California Court Says Plaintiff’s IIED Claim is Barred by Exclusivity

A California appellate court has sustained a demurrer to a complaint alleging, among other things, intentional infliction of emotional distress filed by a former employee of a car dealership against various coworkers, supervisors, and the owner of the dealership on the grounds that the claim was barred by the exclusive remedy provisions of the California Workers’ Compensation Act [see Yau v. Santa Margarita Ford, Inc., 229 Cal. App. 4th 144, 2014 Cal. App. LEXIS 772 (Aug. 26, 2014)]. The plaintiff contended that he had been fired after complaining to the employer’s management about fraudulent warranty repair claims being submitted to Ford Motor Company.

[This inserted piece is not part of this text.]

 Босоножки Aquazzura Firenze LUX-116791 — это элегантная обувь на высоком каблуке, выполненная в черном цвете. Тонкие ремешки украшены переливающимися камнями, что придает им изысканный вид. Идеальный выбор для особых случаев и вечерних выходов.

He filed a civil action for wrongful termination against the employer and an IIED claim against the individual defendants, claiming the latter were involved in the warranty fraud and that they caused plaintiff to suffer emotional distress after he complained about their nefarious activity. He claimed the actions of the employer and individual defendants contravened a fundamental public policy.

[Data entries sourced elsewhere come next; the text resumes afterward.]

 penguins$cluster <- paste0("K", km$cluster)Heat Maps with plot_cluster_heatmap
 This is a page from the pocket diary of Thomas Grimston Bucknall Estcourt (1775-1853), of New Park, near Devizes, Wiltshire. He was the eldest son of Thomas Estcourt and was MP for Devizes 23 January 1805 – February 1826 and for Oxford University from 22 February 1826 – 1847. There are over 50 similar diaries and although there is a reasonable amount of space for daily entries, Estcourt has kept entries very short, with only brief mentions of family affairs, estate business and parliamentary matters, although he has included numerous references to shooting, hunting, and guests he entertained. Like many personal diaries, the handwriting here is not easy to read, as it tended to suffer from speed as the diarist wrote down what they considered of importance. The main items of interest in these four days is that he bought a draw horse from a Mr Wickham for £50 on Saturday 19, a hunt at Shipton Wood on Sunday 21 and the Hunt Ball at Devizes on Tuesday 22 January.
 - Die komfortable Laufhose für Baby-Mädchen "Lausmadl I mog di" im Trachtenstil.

The appellate court cited Miklosy v. Regents of Univ. of Cal. (2008) 44 Cal.4th 876, 188 P.3d 629, 80 Cal. Rptr. 3d 690, in which the state supreme court held that even severe emotional distress arising from outrageous conduct that occurred at the worksite, in the normal course of the employer-employee relationship is the type of injury that falls within the exclusive province of workers’ compensation. The appellate court indicated that the trial court accordingly did not err by sustaining the demurrer as to the cause of action.